We recruited 22 experienced climate adaptation workshop facilitators from a pool of facilitators identified in the Climate Adaptation Knowledge Exchange (CAKE) directory [26]. Each participant had more than three years of experience facilitating climate adaptation workshops in the United States and had led more than three workshops for at least 50 total participants. The sample included representation from various levels of government, academia and private (either non-profit or business) sectors. Collectively, these facilitators had over 210 years of experience and had run more than 460 climate adaptation workshops for more than 12,000 people prior to the start of the Delphi study.

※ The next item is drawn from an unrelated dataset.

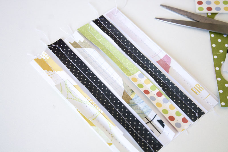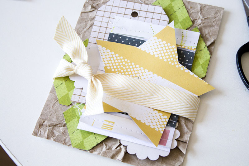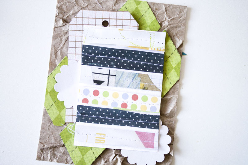 А потом тег, те самые полоски-обрезки, пристроченные к белому кардстоку и пара ажурных кругов:

The March 2020 workshop involved 17 of the Delphi participants and two additional climate adaptation workshop facilitators who did not participate in the longer Delphi process. The two additional experts met the same criteria as Delphi participants and were invited to discuss, challenge, interpret and augment the findings of the Delphi group. See Supplementary Materials for a complete report of the full study, including more details on the study methods.

3. Key Findings

Below, we share ten themes reflecting the consensus-based recommendations that emerged from the Delphi process. We then outline a set of practical strategies for their implementation.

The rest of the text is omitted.